## Aim of the task
After finding the line containing "Chae Jong-il |" below, please output that line and each following one through the line containing "- It includes", exactly as written.

## Source data
★ ★ ★ ★ ★ ★ ★

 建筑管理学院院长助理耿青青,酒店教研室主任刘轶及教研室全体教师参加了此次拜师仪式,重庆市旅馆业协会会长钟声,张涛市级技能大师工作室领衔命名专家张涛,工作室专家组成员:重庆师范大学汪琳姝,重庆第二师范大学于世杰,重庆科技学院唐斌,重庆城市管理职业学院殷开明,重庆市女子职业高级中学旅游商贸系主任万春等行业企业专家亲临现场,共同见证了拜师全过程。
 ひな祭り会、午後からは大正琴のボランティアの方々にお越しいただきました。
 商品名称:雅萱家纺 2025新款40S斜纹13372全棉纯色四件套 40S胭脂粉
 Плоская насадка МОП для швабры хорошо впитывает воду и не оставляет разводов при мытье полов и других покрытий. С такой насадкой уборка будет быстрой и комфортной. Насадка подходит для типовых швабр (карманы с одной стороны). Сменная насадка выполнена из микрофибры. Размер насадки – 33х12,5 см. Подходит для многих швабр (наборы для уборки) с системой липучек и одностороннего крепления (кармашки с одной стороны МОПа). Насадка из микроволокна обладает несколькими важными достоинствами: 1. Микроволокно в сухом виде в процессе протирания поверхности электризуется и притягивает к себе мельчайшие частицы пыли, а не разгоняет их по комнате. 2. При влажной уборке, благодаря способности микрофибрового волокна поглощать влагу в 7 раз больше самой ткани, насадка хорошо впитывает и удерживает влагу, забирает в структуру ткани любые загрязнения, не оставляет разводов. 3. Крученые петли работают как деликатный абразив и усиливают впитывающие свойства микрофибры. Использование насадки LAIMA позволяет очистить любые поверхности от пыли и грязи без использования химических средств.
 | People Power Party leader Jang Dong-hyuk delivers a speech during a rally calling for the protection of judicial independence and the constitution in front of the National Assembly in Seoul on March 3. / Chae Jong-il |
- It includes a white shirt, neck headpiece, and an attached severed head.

★ ★ ★ ★ ★ ★ ★

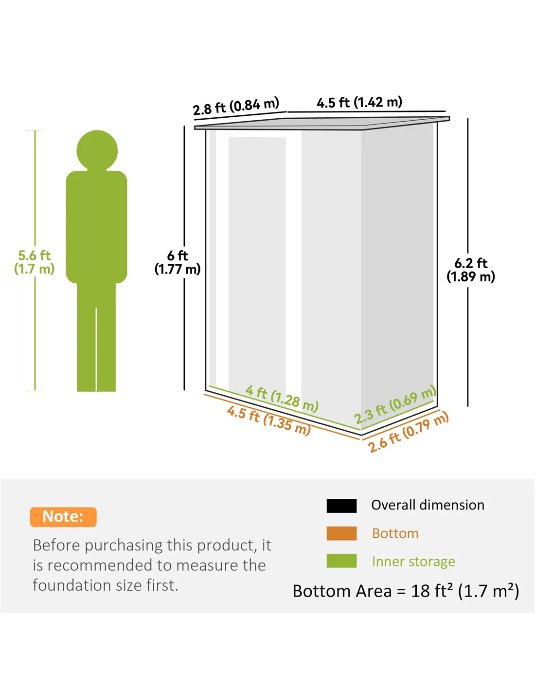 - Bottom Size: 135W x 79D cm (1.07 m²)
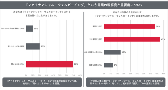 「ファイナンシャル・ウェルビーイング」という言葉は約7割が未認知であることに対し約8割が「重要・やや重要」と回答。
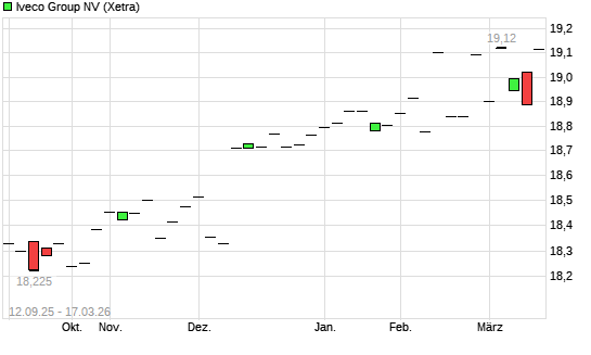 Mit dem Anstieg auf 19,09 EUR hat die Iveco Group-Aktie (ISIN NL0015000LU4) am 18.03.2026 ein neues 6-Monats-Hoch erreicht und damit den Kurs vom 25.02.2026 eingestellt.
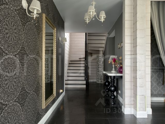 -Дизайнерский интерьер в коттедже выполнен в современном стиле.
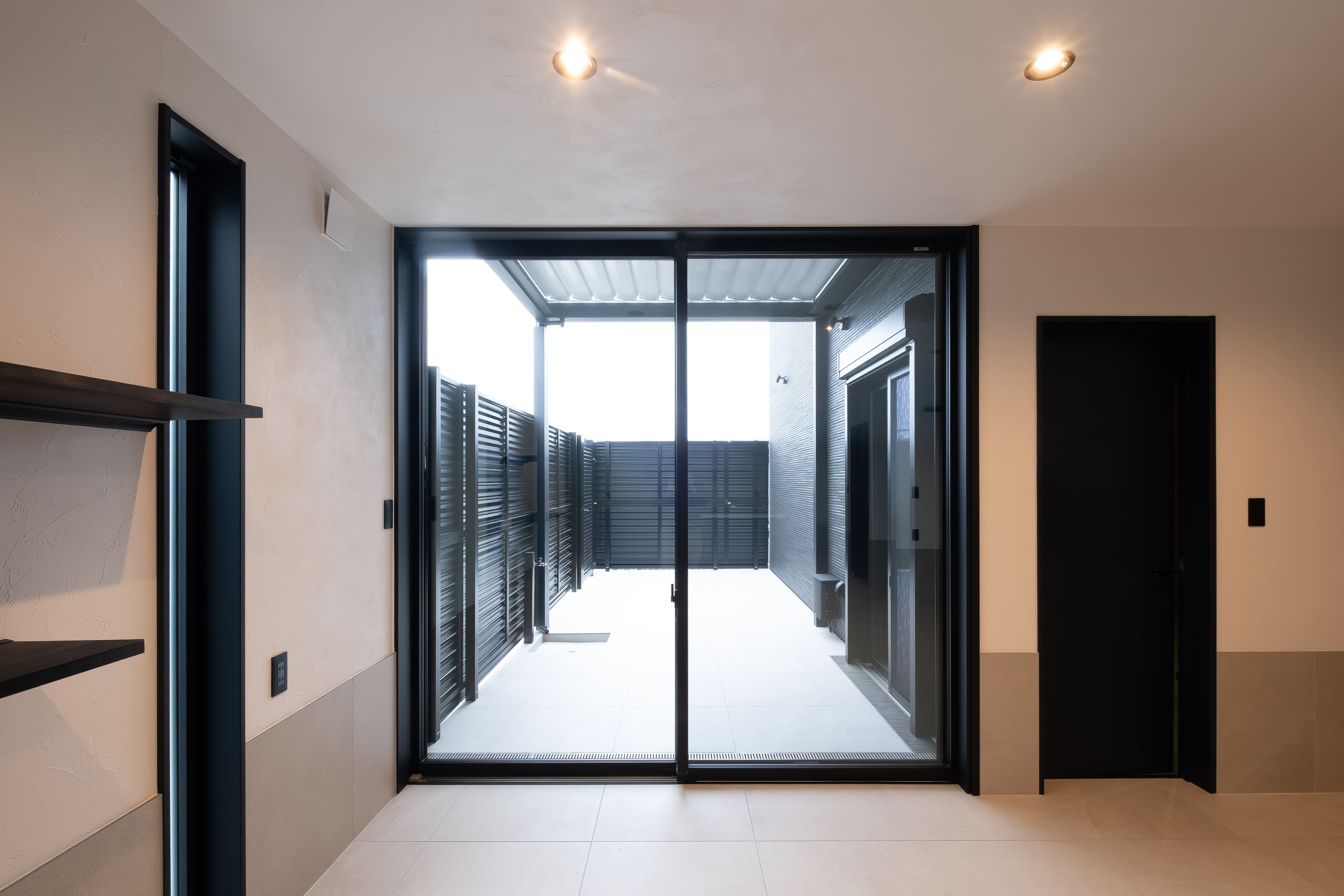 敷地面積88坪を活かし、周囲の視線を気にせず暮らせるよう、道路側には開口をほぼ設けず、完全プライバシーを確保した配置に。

★ ★ ★ ★ ★ ★ ★

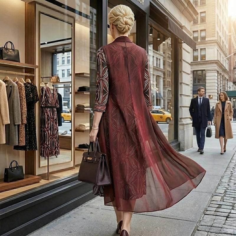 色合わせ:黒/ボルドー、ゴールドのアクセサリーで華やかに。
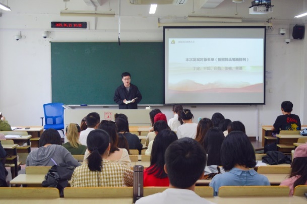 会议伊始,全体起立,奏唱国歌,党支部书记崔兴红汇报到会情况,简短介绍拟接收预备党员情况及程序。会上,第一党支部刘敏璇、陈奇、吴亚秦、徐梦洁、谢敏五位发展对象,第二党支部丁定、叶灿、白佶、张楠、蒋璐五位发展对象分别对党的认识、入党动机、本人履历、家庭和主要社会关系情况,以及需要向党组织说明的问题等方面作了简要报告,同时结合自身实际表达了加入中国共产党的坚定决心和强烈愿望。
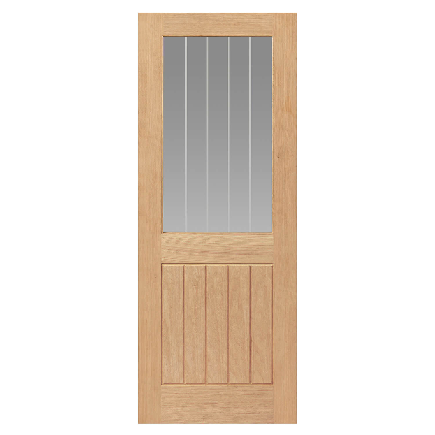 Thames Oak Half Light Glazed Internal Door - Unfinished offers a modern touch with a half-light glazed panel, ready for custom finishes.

★ ★ ★ ★ ★ ★ ★

## Reply
 | People Power Party leader Jang Dong-hyuk delivers a speech during a rally calling for the protection of judicial independence and the constitution in front of the National Assembly in Seoul on March 3. / Chae Jong-il |
- It includes a white shirt, neck headpiece, and an attached severed head.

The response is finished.